Artificial intelligence approaches have produced impressive results across a wide spectrum of fields and applications in recent years. These successes in combination with an increasing demand for assisted living, elderly care and local production have have caused the expectation of an imminent deployment of intelligent autonomous robots in our everyday life. These future agents will be expected to work in close interaction with non-expert users in both general everyday situations and professional tasks. In either scenario such intelligent agents will have to adapt to new or modified tasks in dynamic environments without relying on the huge amounts of data that can not be provided by non-experts in either the quantity or quality required by current approaches. Furthermore, state-of-the-art machine learning methods are not able to represent the learned models, behaviors and features in a transparent and comprehensible way resulting in processes with insufficient guarantees and additional complexity for human-machine collaborations. A new generation of intelligent robots will be required that is capable of communicating intent to non-expert users as well as understanding intent from action of the user in a natural way. These robots will appear more intuitive to non-expert users as well as being able to deduct valuable information through more intuitive interaction with the non-expert user. This new generation of intelligent, intuitive robots will require
i) efficient learning of explainable and comprehensible skills and behaviors,
ii) skill and behavior improvement from weakly labeled, suboptimal demonstrations,
iii) efficient transfer and adaptation of skills and behaviors through intuitive interaction.

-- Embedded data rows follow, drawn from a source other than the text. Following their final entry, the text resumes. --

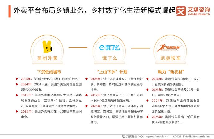 在消费结构升级背景下,一二线城市外卖市场趋近饱和,而乡镇市场成为新增长极,政策与市场的双重驱动,正推动即时配送行业向纵深发展。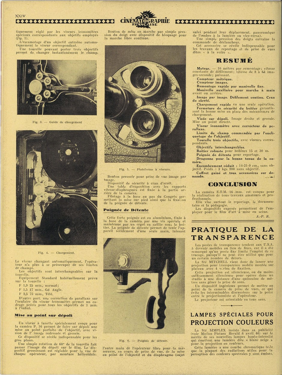 En 1946 E.T.M. (Electro Technique & Mécanique) annonce sa première caméra 16 mm l'ETM P.16 dans la revue "Cinématographie Française", n° 1176, 5 octobre 1946.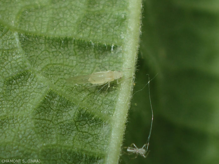 <em>Myzocallis coryli</em> vit à la surface inférieure des jeunes feuilles de noisetier. <strong>Puceron jaune du noisetier</strong> (hazel aphid)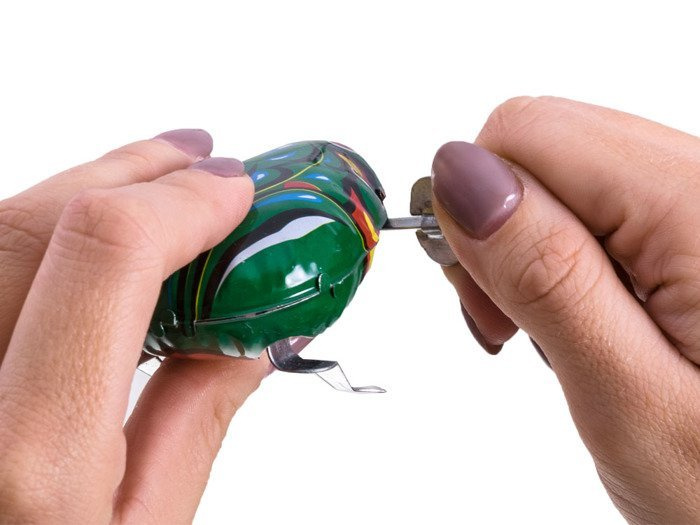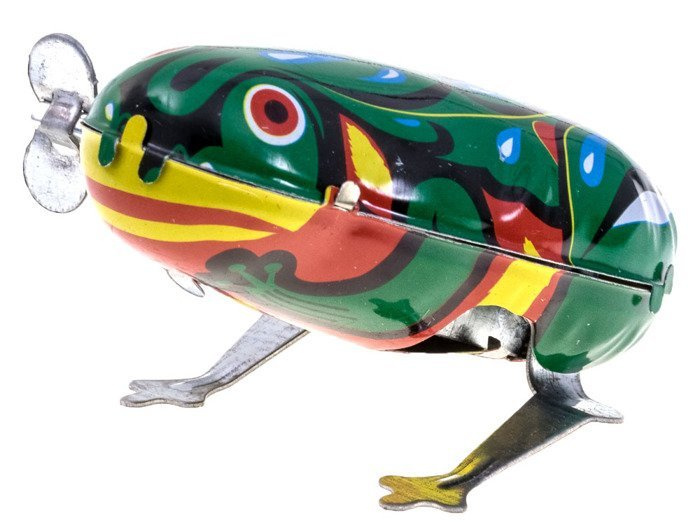 DerSchlüsselfrosch ist für Kinder gedacht.Ein Spielzeug wie in alten Zeiten, aus Metall in einer schönen grünen Farbe und mit einem Schlüssel verschraubt. Die Bewegung des Metallfrosches wird durch einen Federmechanismus gewährleistet, der mit einem Schlüssel eingeschraubt wird.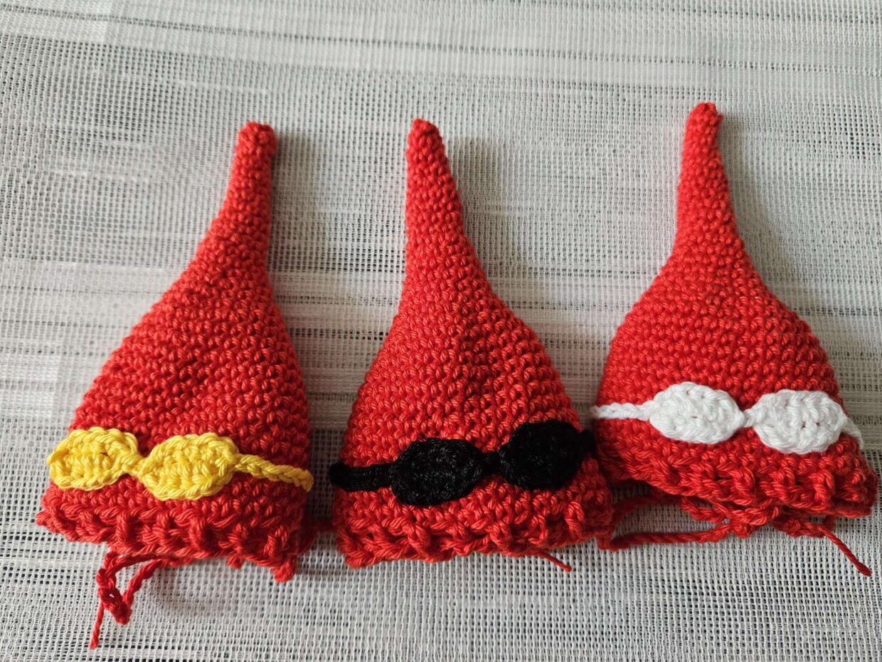 Zipfelmützen-Eierwärmer Red Baron style Strickkunst Häkelarbeit Graubünden CH 29.10.2023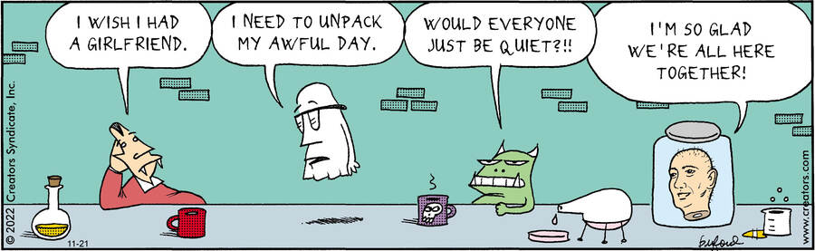 Mark continued to freelance, selling gag panels to magazines and alternative newspapers until early 2006, at which time he began developing Scary Gary. He submitted Gary in December of 2006, and teamed up with Creators Syndicate in February 2007. Scary Gary makes its debut in June 2008.

Machine Learning for Robotics

Recent advances in robotics forecast the advent of autonomous agents in our everyday life. Highly dynamic environments and increasingly sophisticated human-robot interactions render classical, hand-tuned controllers and preprogrammed behavior obsolete. Instead such systems will apply machine learning techniques to adapt to new environments and to learn new behaviors. I reformulated the stochastic optimal control problem as a constraint optimization and introduced a Kullback-Leibler bound on the state-action distribution, resulting in a novel policy update [ICRA 2014, JAIS 2015]. At the Intelligent Autonomous Systems group I focused my research on imitation learning and human-robot collaboration. In particular the goal of my thesis was the development of The Imitation Learning Pipeline, a pipeline of novel methods that learn explainable behaviors from unlabeled demonstrations represented in structures comprehensible to non-expert users. First, a set of demonstrations of one or multiple tasks are collected in either the Cartesian-space via motion capture or in the joint-space via kinesthetic teaching or tele-operation.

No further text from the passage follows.